In the event that the year-end bonus is less than the Forty Thousand Dollar
($40,000) "draw against" the bonus, the Forty Thousand Dollars ($40,000) shall
convert to cash compensation and will not be recoverable by the Company.

                  (c) It is further understood by the parties that, pursuant to
the policies of Employer, discretionary bonus payments may be made in addition
to the Base Salary above provided.

         4.       Vacation and Other Benefits

                  Employee shall be entitled to a reasonable vacation each year
of his employment with Employer as well as all other employment related
benefits, including, but not limited to hospitalization, life insurance, death
and retirement plans, an automobile allowance, and stock plans afforded to
senior executives of Employer of comparable status and tenure and consistent
with that afforded under Employer's policies.
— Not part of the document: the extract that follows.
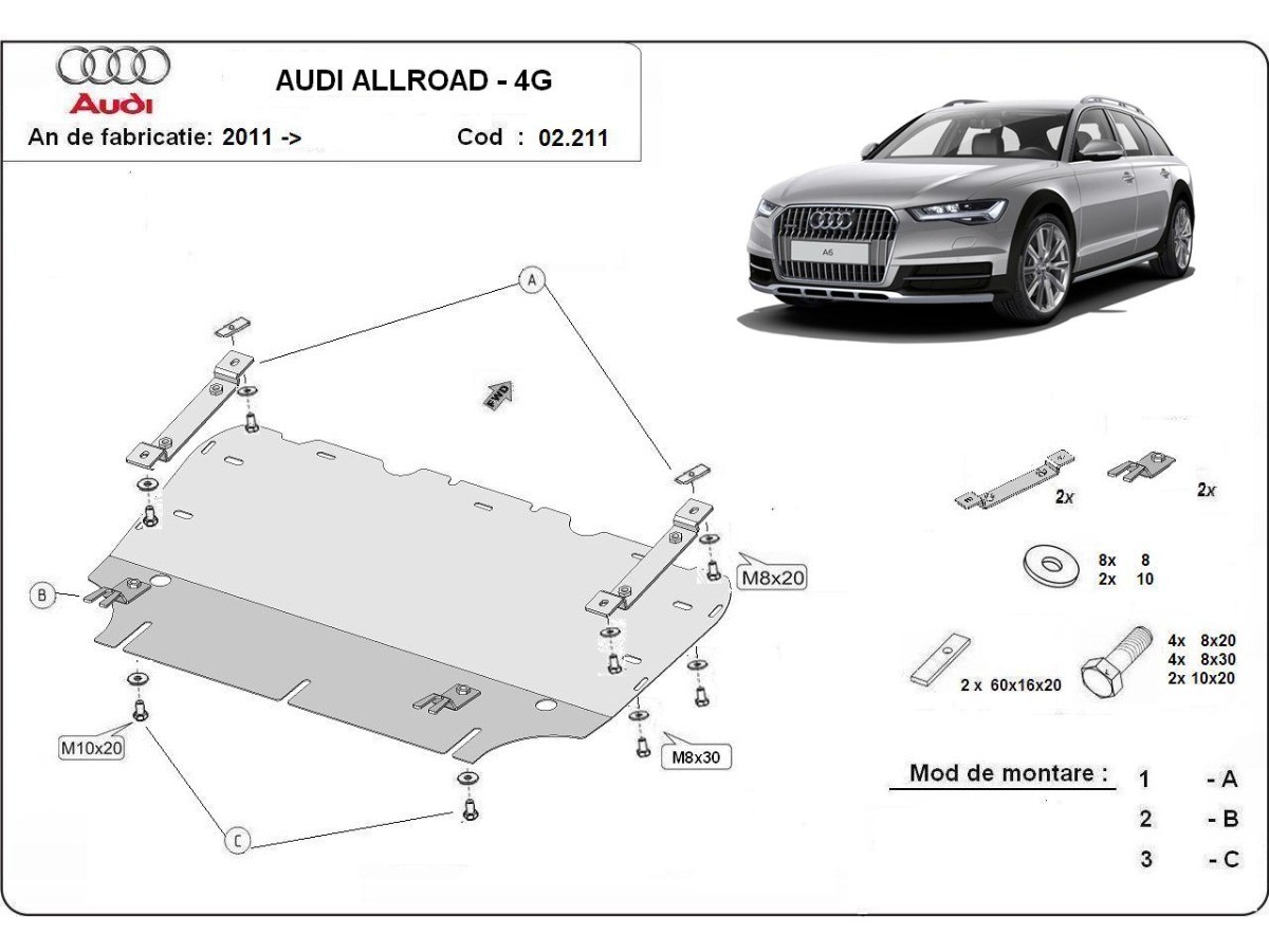 Ocelový kryt podvozku je přizpůsoben originálním montážním bodům a upevňuje se pomocí kompletní sady plechů, šroubů a matic.

Employer may in its sole
discretion change such policies.

         5.       Expenses

                  Employer shall pay all reasonable expenses incurred by
Employee in the performance of his responsibilities and duties for and the
promotion of Employer. Employee shall submit to Employer periodic statements of
all expenses so incurred. Subject to such audits as Employer may deem necessary,
Employer shall reimburse Employee the full amount of any such expenses advanced
by Employee promptly in the ordinary course.
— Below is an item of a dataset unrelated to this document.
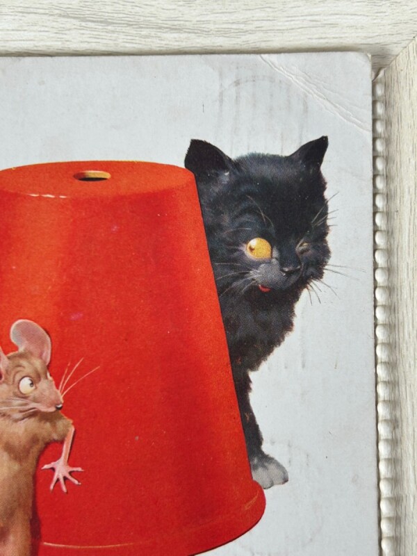 Postcard アンティークポストカード Good Luck 黒猫と植木鉢の陰に隠れるネズミ Lawson Wood イギリス1930年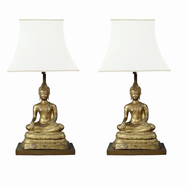 XX Sec. coppia di lampade in metallo e gesso, complete di paralume, lievi usure

         6.       Covenants and Confidential Information

                  (a) During the term of this agreement, any extension of this
agreement, or any pay out under this agreement, the employee agrees that he will
not, directly or indirectly, do any of the following:

                           (i)  Own, manage, control, or participate in the
ownership, management, or control of, or be employed or engaged by or otherwise
affiliated or associated as a consultant, independent contractor or otherwise,
with any other corporation, partnership, proprietorship, firm, association or
other business entity, or otherwise engage in any business which is engaged in
any manner in, the operation of fitness centers as a significant part of its
business (a "Facility") operates such fitness center(s) within ten (10) miles of
any fitness center owned, managed or under development to be owned or managed by
BTF, its subsidiaries, affiliates and/or its or their successors and assigns (as
conducted

                                      -3-

<PAGE>

on the date mployee ceases to be employed hereunder); provided, however, that
the ownership of not more than one percent (1%) of the stock of any publicly
traded corporation shall not be deemed a violation of this covenant;

                           (ii)     Induce any person who is an employee,
officer, or agent of Employer to terminate said relationship.
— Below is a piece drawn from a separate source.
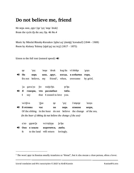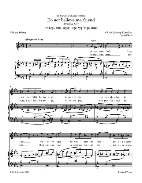 Do not believe me, friend (Не верь мне, друг), Op. 46 No.4 from By the sea by Rimsky-Korsakov (7 pages)

                           (iii)  Employ, assist in employing or otherwise
associate in business with any present, former or future employee
or officer of Employer.

                           (iv)  Disclose, divulge, discuss, copy or otherwise
use or suffer to be used in any manner, in competition with, or contrary to the
interests of Employer, the customer lists, inventions, ideas, discoveries,
manufacturing methods, product research or engineering data or other trade
secrets of Employer, it being acknowledged by Employee that all such information
regarding the business of Employer compiled or obtained by, or furnished to,
Employee while he shall have been employed by or associated with Employer is
confidential information and the exclusive property of Employer.

         (b) Employee expressly agrees and understands that the remedy at law
for any breach by him of this paragraph 6 will be inadequate and that the
damages flowing from such breach are not readily susceptible to being measured
in monetary terms. Accordingly, it is acknowledged that Employer shall be
entitled to immediate injunctive relief and if the court so permits, may obtain
a temporary order restraining any threatened or further breach. Nothing
contained in this paragraph 6 shall be deemed to limit Employer's remedies at
law or in equity for any breach by Employee of the provisions of this paragraph
6 which may be pursued or availed of by Employer. Any covenant on Employee's
part contained hereinabove, which may not be specifically enforceable, shall
nevertheless, if breached, give rise to a cause of action for monetary damages.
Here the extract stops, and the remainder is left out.